The Tribunal dismissed the application brought by the Commissioner of Competition (“Commissioner”) against the Vancouver Airport Authority (“VAA”) pursuant to section 79 of the Competition Act, RSC 1985, c C-34, as amended (“Act”), commonly known as the abuse of dominance provision of the Act. The application concerns VAA’s decision to authorize only a limited number of in-flight caterers to operate at the Vancouver International Airport (“YVR”). In the Commissioner’s view, in-flight catering comprises the sourcing and preparation of the food served to passengers on commercial aircraft (“Catering”) as well as the loading and unloading of such food on the airplanes (“Galley Handling”).

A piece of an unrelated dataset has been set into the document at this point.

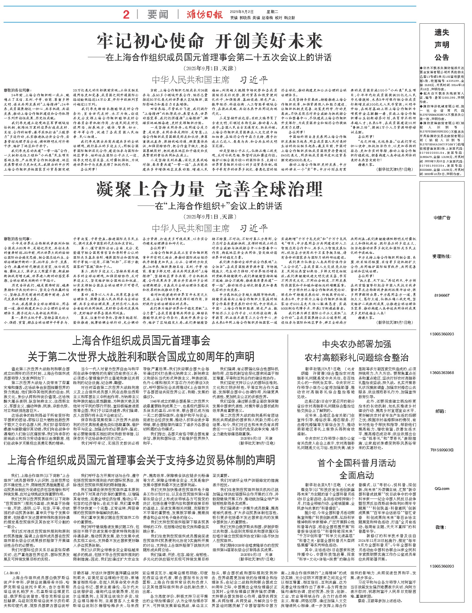 新华社天津9月1日电 (记者 王建华 杨依军)9月1日下午,“上海合作组织+”会议在天津梅江会展中心举行。国家主席习近平主持会议并发表题为《凝聚上合力量 完善全球治理》的重要讲话。

In brief, the Commissioner claimed that, by limiting the number of providers of in-flight catering services at YVR, and thereby excluding new-entrant firms, VAA had engaged in a practice of anti-competitive acts that have prevented or lessened competition substantially, and are likely to continue to do so. In his application, the Commissioner sought an order prohibiting VAA from directly or indirectly engaging in its exclusionary practices and requiring VAA to authorize airside access, on non-discriminatory terms, to any in-flight catering firm that meets customary health, safety, security and performance requirements, for the purposes of supplying Galley Handling services.

The Tribunal first concluded that, in the circumstances of this case, the regulated conduct doctrine (“RCD”) does not shield VAA from the application of section 79 to its impugned conduct. The Tribunal found that, as a matter of law, the RCD does not apply to section 79, because (i) that provision does not contain the “leeway” language required to allow the doctrine to be invoked, and (ii) the two rationales which supported the development of the doctrine do not apply in the particular circumstances of this case. Furthermore, the Tribunal determined that, as a matter of fact in this case, no validly enacted statute, regulation or subordinate legislative instrument required, directed, mandated or authorized VAA, expressly or by necessary implication, to engage in the impugned conduct.

Turning to the elements of section 79, the Tribunal found that VAA substantially or completely controls the supply of Galley Handling services at YVR, within the meaning of paragraph 79(1)(a) of the Act. With respect to paragraph 79(1)(b), the Tribunal first considered whether VAA, which does not itself compete in the Galley Handling market at YVR, has a plausible competitive interest (“PCI”) in that market. The two judicial members of the panel found that VAA does in fact have a PCI in that market. However, the Tribunal proceeded to unanimously conclude that VAA had and continues to have a legitimate business justification for engaging in the impugned exclusionary conduct. In brief, the Tribunal found that VAA’s justifications were more important in its decision-making process than any subjective or deemed anti-competitive intent, or any reasonably foreseeable anti-competitive effects of its conduct. Accordingly, the overall character, or overriding purpose, of VAA’s conduct was not anti-competitive, as contemplated by paragraph 79(1)(b). This finding was sufficient to dismiss the Commissioner’s application.

The Tribunal also concluded that the Commissioner has not established that VAA’s conduct has prevented or lessened competition substantially, or that it is likely to do so in the future, as contemplated by paragraph 79(1)(c), in the market for Galley Handling services. The Tribunal reached that conclusion after finding that VAA’s impugned conduct has not materially reduced the degree of price or non-price competition in the supply of Galley Handling services at YVR, relative to the degree of competition that would likely have existed in the absence of such conduct.

The Commissioner’s application was therefore dismissed with costs.

The Tribunal’s reasons are confidential at this time in order to protect properly confidential evidence. A public version of the decision will issue as soon as possible after a determination has been made as to what information must remain confidential.